DISCLOSURE REGARDING FORWARD-LOOKING STATEMENTS
This report contains forward-looking statements within the meaning of
Section 27A of the Securities Act and Section 21E of the Exchange Act. These
statements appear in a number of places in this report and include all
statements that are not historical facts. Some of the forward-looking statements
relate to our intent, belief or expectations regarding our strategies and plans
for operations and growth, including development and construction of new
multifamily apartment communities in our existing markets and elsewhere in the
Southeast. Other forward-looking statements relate to trends affecting our
financial condition and results of operations, and our anticipated capital needs
and expenditures.
Our forward-looking statements are not guarantees of future performance
and involve risks and uncertainties, and actual results may differ materially
from those anticipated in the forward-looking statements, as a result of:
- competition and overbuilding in our markets, currently Atlanta
and Charlotte;
- increasing operating costs that cannot be passed along to
residents through rental rate increases;
- construction risks for our development pipeline due to factors
that include unexpected weather problems, shortages in
materials and supplies, and labor strikes;
- risks related to the national and local economic climate;
- our dependence upon the Atlanta market;
- risks of entering new markets outside the Atlanta area;
- financing risks including risks of substantial indebtedness,
not being able to obtain debt or equity financing to fund our
growth strategy, or not being able to refinance our existing
mortgage debt beginning in 2002;
- tax risks including the possible effects of changes in tax law
and regulation;
- possible environmental liability; and - costs of compliance
with the Americans With Disabilities Act and similar laws.
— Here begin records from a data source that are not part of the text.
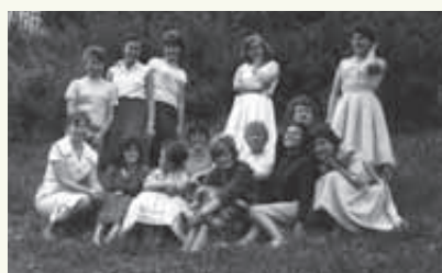
Mädchenwohnhaus in Stuttgart-Schönberg

Zunächst Anmietung und dann Bau eines Mädchenwohnheimes mit 50 Plätzen sowie Errichtung eines Altenwohnheims mit zwölf Plätzen in Stuttgart-Schönberg (heute Seniorenzentrum Schönberg).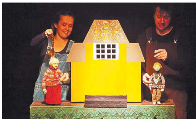
«Вафельное сердце»

Спектакль по мотивам одноимённой повести Марии Парр в театре «КУКФО». Забавные, трогательные, а зачастую очень опасные приключения двух жителей норвежской деревушки в бухте Щепки-Матильды – девятилетнего Трилле и его соседки и одноклассницы Лены. История о грустном и смешном, о самом важном и мелочах, о настоящей дружбе и любви, о творчестве, фантазии и о том, что ничего на свете не надо бояться, особенно когда у тебя есть верный друг.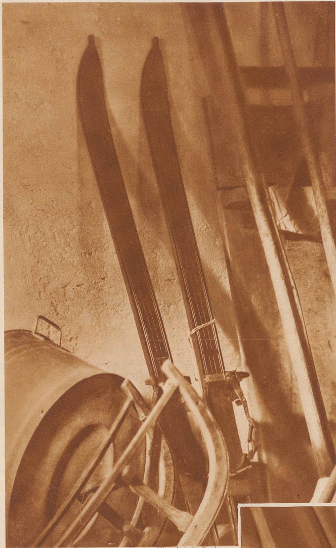
Ungespannt und ungepflegt im Keller - ein Anblick, der uns das Wasser in die Augen treibt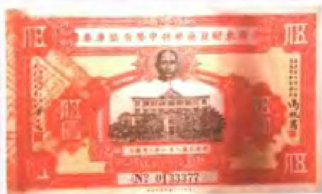
民國21年(1932年)廣東省財政廳發行的維持中幣有獎庫券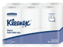
Pap. Hig. KLEENEX® Hoja Doble (4paqx12rollos)

Presentación: Plancha 48 rollos x 24 m. Cod.: 30205224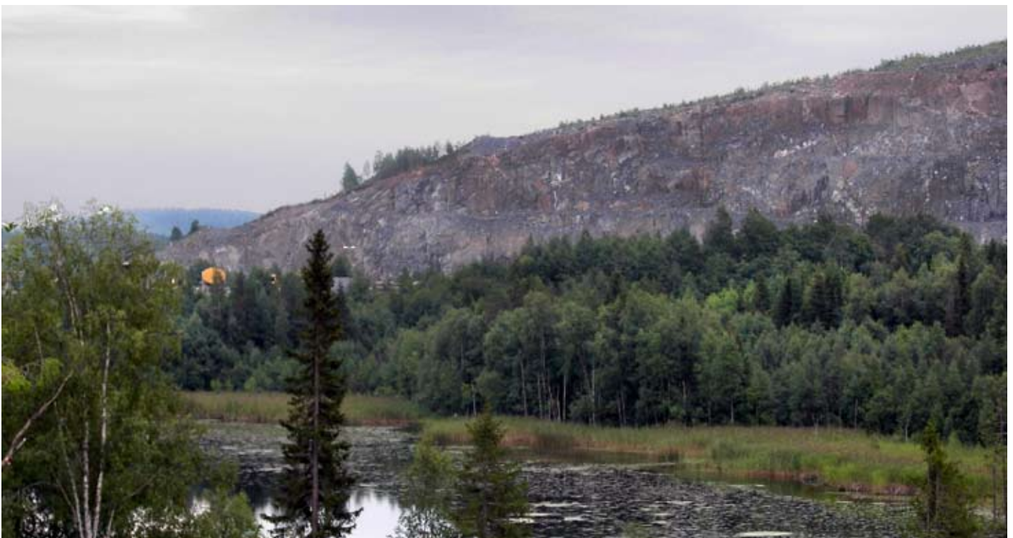
Björkdalsgruvan är en av norra Europas största gruvor för utvinning av guld. I samma region har Goldore undersökningstillstånd för guld.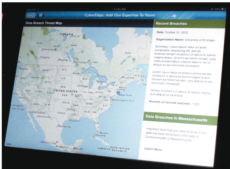
Um exemplo do Mapa de Ameaças de fuga de dados na aplicação CyberEdge para iPad.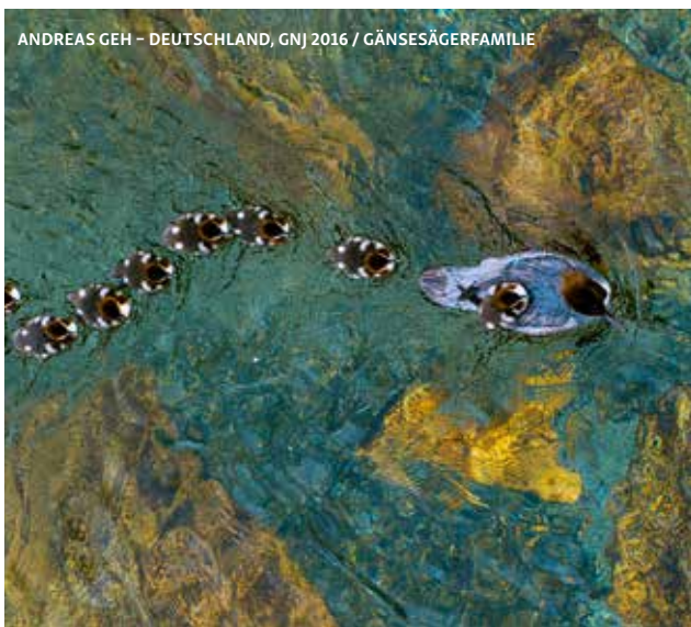
ANDREAS GEH – DEUTSCHLAND, GNJ 2016 / GÄNSESÄGERFAMILIE

Die GDT steht für eine Naturfotografie mit Respekt und Authentizität. Ihre Mitglieder verpflichten sich hohen ethischen Standards, verzichten auf digitale Manipulationen und legen Wert auf einen nachhaltigen Umgang mit der Natur. Die ausgestellten Fotografien spiegeln diesen Anspruch wider und laden dazu ein, unsere Umwelt aus einer neuen Perspektive zu betrachten.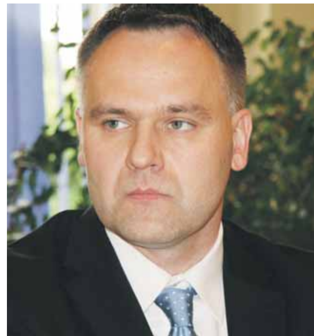
FOT. MARGIN RACZKOWSKI

Będziemy domagać się wyrównania dopłat bezpośrednich dla naszych rolników. Politycy PSL są w tej kwestii bezwolni. Ale najważniejszą sprawą jest przesunięcie uwolnienia terminu obrotu polską ziemią. Nie godzimy się na to, aby od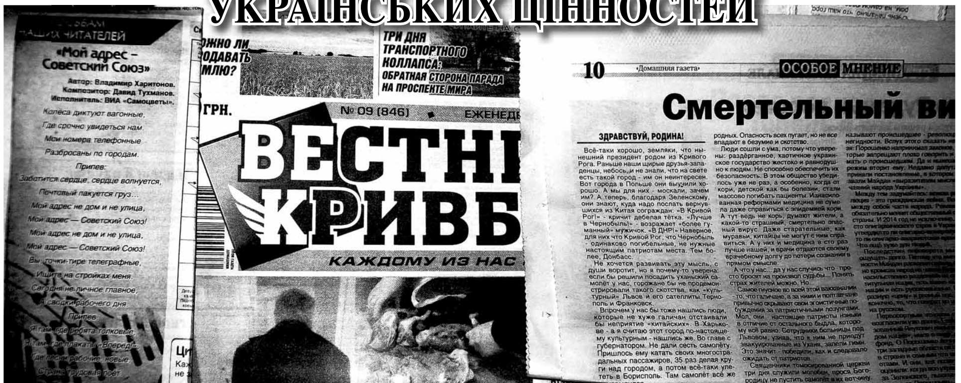
(Читайте на 3-й стор.)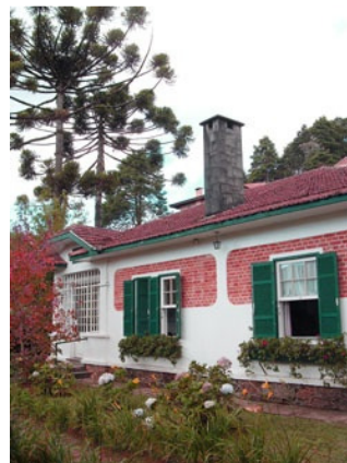
Fotos: Segall e casa do artista, em Campos do Jordão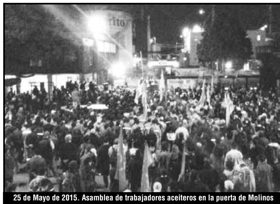
25 de Mayo de 2015. Asamblea de trabajadores aceiteros en la puerta de Molinos

Cuando todavía la victoria no estaba asegurada y la patronal y el gobierno sumaban fuerzas con los traidores de la burocracia sindical, fue el momento más dramático de esa lucha. Era el momento en que los trabajadores aceiteros necesitaban todo el apoyo activo de las organizaciones obreras. Era innegable que la patronal concentraba con el gobierno todas sus fuerzas para derrotarlos, más allá de que unos se hicieran los "buenos" y otros los "malos". Estos duros combates que aún faltaban los tuvieron que dar los trabajadores aceiteros "solos", pero seguidos con una gran simpatía por todo el movimiento obrero.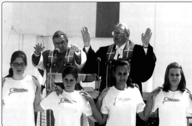
Ekumnické bohoslužby v Berlíně – iluze nás k jednotě nepřivedou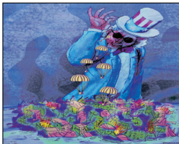
مساعدات اميركية كرشة ملح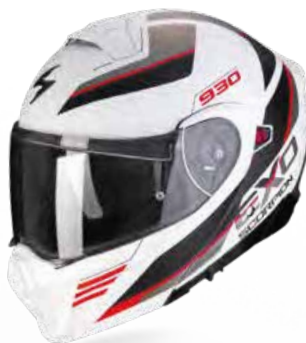
NAVIG | Matt White-Black-Red 249,90 € | 94-368-292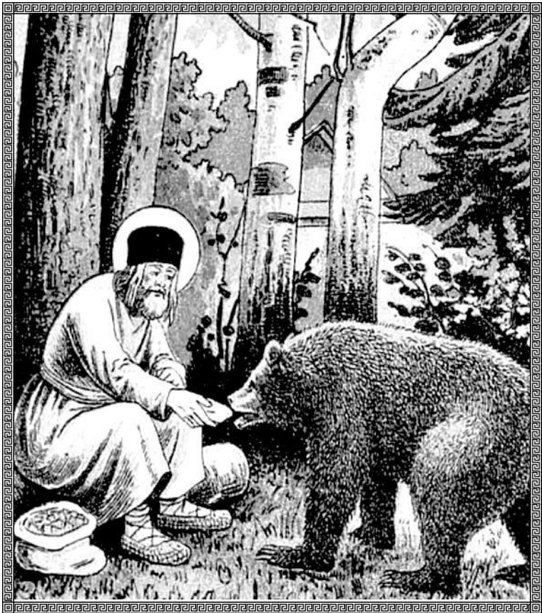
Preacuviosul Serafim hrănind ursul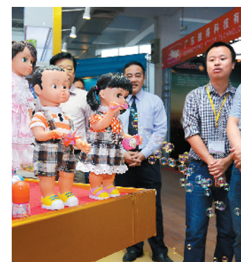
每一届玩博会都会吸引众多客商前往采购

记者获悉，今年的玩博会亮点颇多。届时，开幕现场不仅有机器狗机器人联合表演、中国玩具产业协会“20+企业战略合作”签约仪式，而且还将举办“4·28”澄海玩具节欢乐购活动启动仪式和国家级“澄海出口玩具质量安全示范区”揭牌仪式等活动。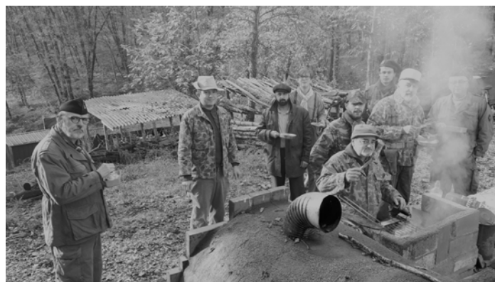
Le GM 18 au poste de Thru Duc.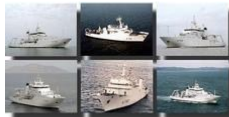
Bâtiment hydrographe et océanographe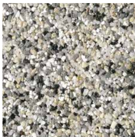
B 824 – Artikel-Nr.: 7116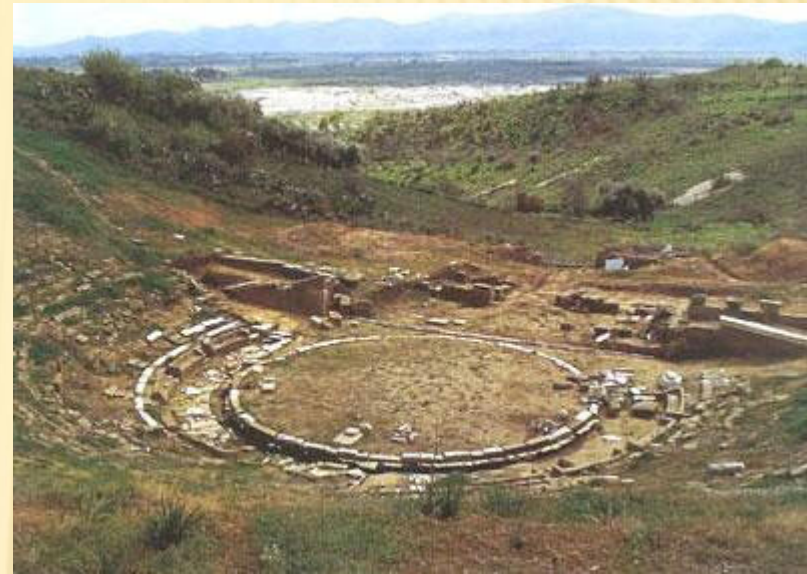
θέατρο των Οινιάδων

In addition, the market price of the common stock may from time to time
fluctuate as a result of, among other things:
21
<PAGE> 24
- our operating results;
- the operating results of other REITs, particularly apartment REITs;
and
- changes in the performance of the stock market in general.
Investors should review the more detailed description of these and
other possible risks contained in the "Risk Factors" section of the prospectus
included in our registration statement on Form S-3, registration number
333-31117, as declared effective by the SEC on December 8, 1997.
ITEM 3. QUANTITATIVE AND QUALITATIVE DISCLOSURES ABOUT MARKET RISK.
We are exposed to market risk from changes in interest rates, which may
adversely affect our financial position, results of operations and cash flows.
In seeking to minimize the risks from interest rate fluctuations, we manage
exposures through our regular operating and financing activities. We do not use
financial instruments for trading or other speculative purposes. We are exposed
to interest rate risk primarily through our borrowing activities, which are
described in Note 3 to our consolidated financial statements. All of our
long-term borrowings are under fixed rate instruments, and our line of credit
rate is 150 basis points over the three-month LIBOR and our construction loan
rate is 160 basis points over the 30-day LIBOR. We have determined that there is
no material market risk exposure to our consolidated financial position, results
of operations or cash flows.
PART II
ITEM 1. LEGAL PROCEEDINGS.
Neither Roberts Realty, the operating partnership, nor the communities
are presently subject to any material litigation nor, to our knowledge, is any
material litigation threatened against any of them. Routine litigation arising
in the ordinary course of business is not expected to result in any material
losses to us and the operating partnership.
ITEM 2. CHANGES IN SECURITIES AND USE OF PROCEEDS.
We did not modify, limit or qualify the rights of the holders of common
stock during the quarter ended June 30, 1999.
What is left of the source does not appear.